What is a Data Warehouse ?
Essentially a Data Warehouse is:
- A database that exists to support reporting and analysis in an organisation.
- It contains historical, clean and integrated data from multiple source systems.
- The data is structured in a “star schema”, that makes it easy to consume by Business Intelligence tools for analysis and reporting purposes.
- It is optimized to respond to queries over large data sets quickly.
At the heart of a data warehouse is the ability to organize data so it can be easily consumed by report writers. What do I mean by easily consumed? Essentially the ability for business users to drag and drop/slice and dice data attributes and measures in a pivot table or graph. No code required.

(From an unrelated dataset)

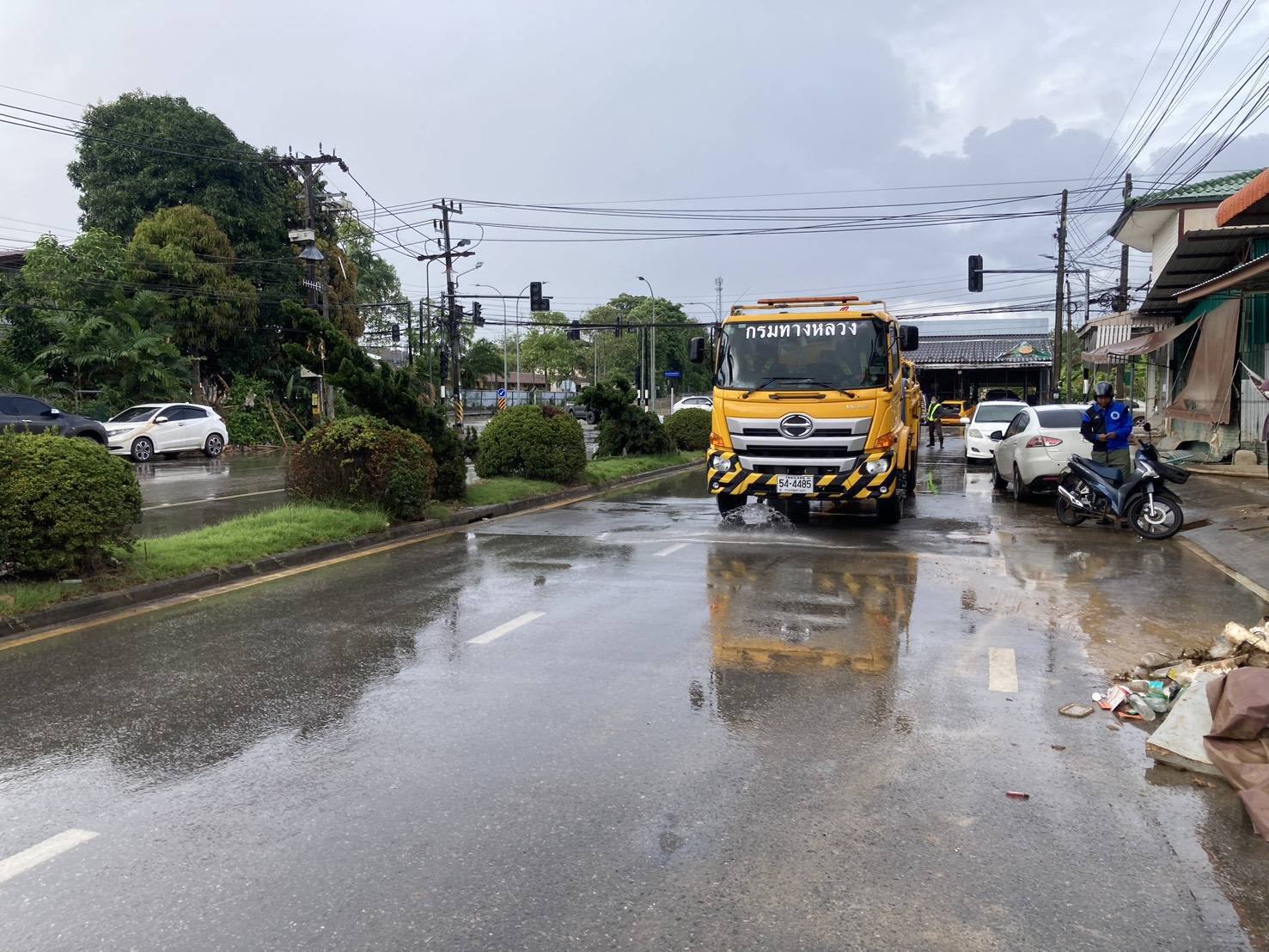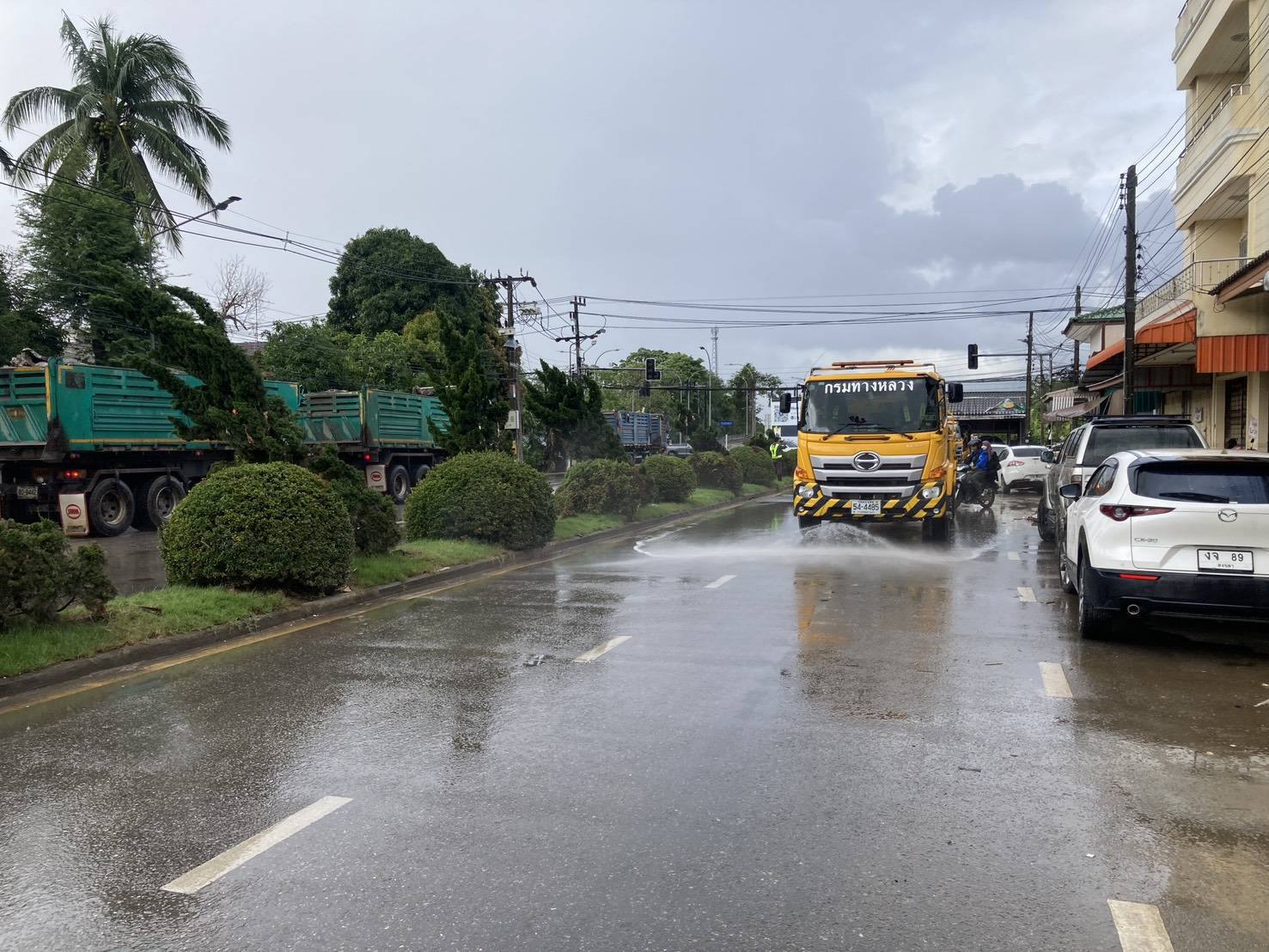 ชุดเครื่องจักรกล สำนักงานทางหลวงที่ 11 และแขวงทางหลวงในสังกัด โดยเจ้าหน้าที่ปฏิบัติการชุดเสริมทัพฟื้นฟูได้รับภารกิจลงพื้นที่หาดใหญ่ เร่งฟื้นฟูทันทีหลังระดับน้ำลด ด้วยการลงพื้นที่ทำความสะอาด ขนย้ายขยะ-โคลน สิ่งของที่เสียหายจากอุทกภัย ปฏิบัติงาน ภารกิจฟื้นฟูเมืองหาดใหญ่ บริเวณถนนเขต 8 ปฏิบัติงานประจำวันที่ 14 ธันวาคม พ.ศ. 2568 (เวลา 09.00 น.-14.00 น.) ด้วยรถน้ำฉีดล้างทำความสะอาดพื้นที่ ที่ได้รับมอบหมาย แล้วเสร็จ

Other use cases include Data analysts and scientists interacting with a data warehouse in the same way or more directly via code (SQL, R, Python etc).
Recently the term “Data Warehouse” has become blurred. With the advent of big data, data lakes, data swamps etc, vendors will often refer to these different data management architectures as a “Data Warehouse”. For the purposes of this course, the term Data Warehouse means a Kimball Multi-Dimensional Data Warehouse. That is, a database containing Facts and Dimensions organised in a Star Schema. That is the core of the Data Warehouse, but there are other data layers and processes that accompany a Kimball Data Warehouse and are vital to its operation, including:
- The intermediary data layers (like a Persist layer or a Staging layer)
- The Extract Transform and Load (ETL) processes required to load data into the Data Warehouse.
- A semantic layer like an OLAP Cube or Tabular model that provides high performance aggregated query performance for end users.